L’article 26 de la Convention de Varsovie et 31 de la Convention de Montréal précisent que la réception des marchandises sans protestation par le destinataire constituera présomption, sauf preuve contraire, que les marchandises ont été livrées en bon état et conformément au titre de transport.

Il est donc primordial, à la réception des marchandises, de prendre toutes mesures nécessaires à la préservation du recours contre le transporteur.

En pratique, en présence d’avaries, le destinataire devra adresser une protestation au transporteur immédiatement après la découverte des désordres, et au plus tard dans les 14 jours de la date de la réception.

En cas de retard, la protestation devra être adressée dans les 21 jours à compter du jour où la marchandise a été mise à disposition du destinataire.

La prudence et la célérité s’imposent puisqu’il s’agit de jours courants, et non de jours ouvrables, et que les délais courent à compter de la date de la réception (en cas d’avarie) ou du jour de la mise à disposition (en cas de retard), et non du lendemain.

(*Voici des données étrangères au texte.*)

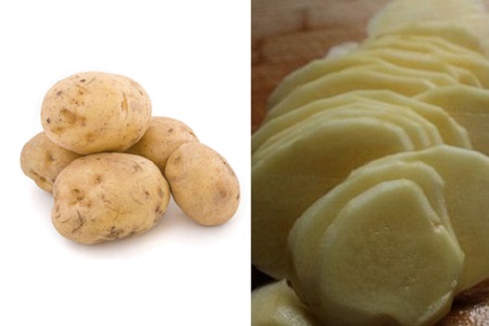 新鲜健康的马铃薯是球形或扁圆形状的,外表无毛光滑,有些品种也有覆盖一些稀疏的柔毛。大多数我们常见的马铃薯外皮是白色或棕色的,薯肉则是嫩黄色的。但事实上还有七彩马铃薯,因此马铃薯也有其他一些颜色的外皮和薯肉。以我们比较常见的土豆为例,新鲜的马铃薯表皮光滑,呈自然的颜色状态,切片是湿润且色泽鲜亮的。
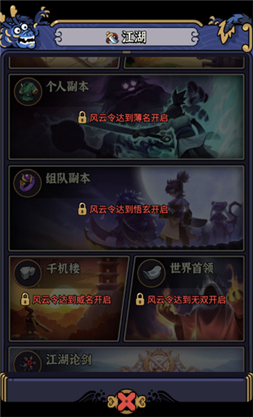 5、选择右侧的“江湖”入口即可挑战历练关卡,通关后能收获大量成长所需资源。
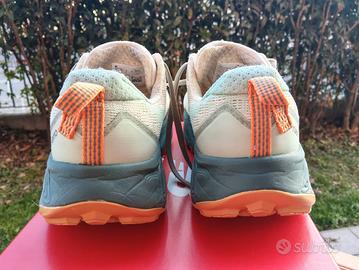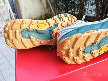 Scarpa usata ma in ottimo stato, presenta delle piccole imperfezioni/scolorazioni nelle scritte come la linguetta (vedi foto) e internamente dove poggia la pianta del piede giustamente perché utilizzate e dopo 2 lavaggi.
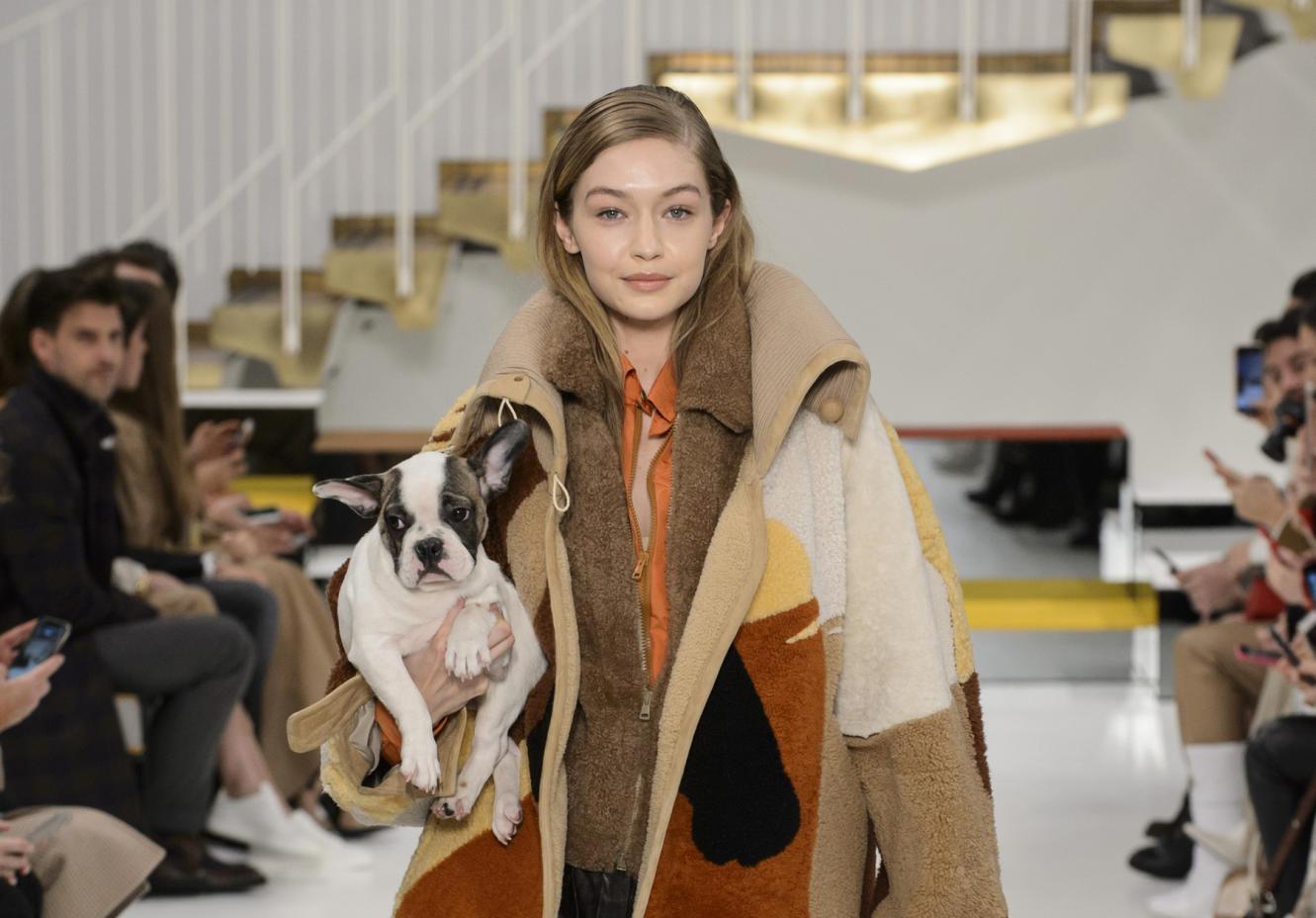 Чем руководствуются дизайнеры, выпуская на подиум щенков – непонятно, ведь существует огромная вероятность того, что внимание зрителей полностью будет отдано щенкам, а не деталям коллекции. А если взглянуть на выражение мордочки бульдога, которого несла Джиджи Хадид, то становится сразу понятно, кто стал звездой шоу.
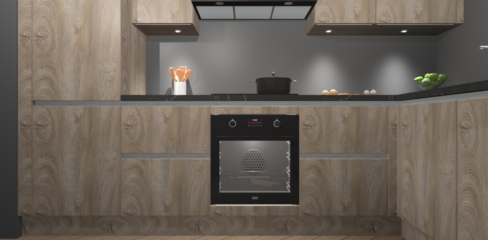De Cantaro Eiken greeploze keuken Geneve is uitgerust met 5 inbouwapparaten - een oven, inductiekookplaat, afzuigkap, vaatwasser en koelkast - voor al uw kook- en bewaarbehoeftes. U kunt deze apparaten desgewenst eenvoudig upgraden naar AEG of de oven omruilen voor een combimagnetron na het plaatsen van uw bestelling. En met de soft close deuren, voldoende opbergruimte en kasten die voorgemonteerd worden geleverd, bent u in een mum van tijd klaar om heerlijke maaltijden te bereiden!

Le délai pour saisir le tribunal est de deux ans, sous peine de déchéance, le délai commençant à courir à compter de l’arrivée à destination ou du jour où l’aéronef aurait dû arriver, ou de l’arrêt du transport.

La compétence territoriale est réglée par l’article 28 de la Convention de Varsovie et 33 de la Convention de Montréal, qui prévoient que l’action doit être portée, au choix du demandeur :

-         soit devant le tribunal du domicile du transporteur, du siège principal de son exploitation ou du lieu où il possède un établissement par le soin duquel le contrat a été conclu ;

-         soit devant le tribunal du lieu de destination.

Les deux régimes coexistants, issus des Conventions de Varsovie et de Montréal, sont assis sur la même philosophie : celle d’une présomption de responsabilité du transporteur, qui doit rapporter la preuve d’une cause d’exonération pour échapper à sa responsabilité. La Convention de Montréal ouvre plus facilement cette possibilité pour le transporteur que la Convention de Varsovie, dont la disposition restait, en pratique, fort peu utile.

En revanche, les sanctions pesant sur le transporteur négligent sont devenues dérisoires, la faute inexcusable n’étant plus le sésame tant recherché pour ouvrir les portes d’une réparation intégrale.

Ce qui paraît relativement simple au plan international l’est en revanche beaucoup moins sur le plan interne : le Code des Transports, en effet, prévoit que la responsabilité du transporteur aérien de marchandise, pour les transports intérieurs, est régie… par les seules dispositions de la Convention de Varsovie (article L 6422-2 du Code des Transports).

Il en résulte qu’en France coexistent, finalement, deux régimes de responsabilité différents : celui issu de la Convention de Montréal pour les transports internationaux ; celui issu de la Convention de Varsovie, dans le cadre des transports intérieurs.

La récente adoption du Code des Transports n’a pas abouti à l’harmonisation des régimes interne et international, ce qui aurait pu être l’occasion de mettre fin à une incohérence qui ne se justifie pas.

 

Thierry MAZOYER

 


[1] La limitation de responsabilité prévue par la Convention de Montréal était initialement fixée à 17 DTS. Elle a été portée à 19 DTS / kilos le 30 décembre 2009, la Convention de Montréal prévoyant une révision des limites de responsabilité tous les 5 ans.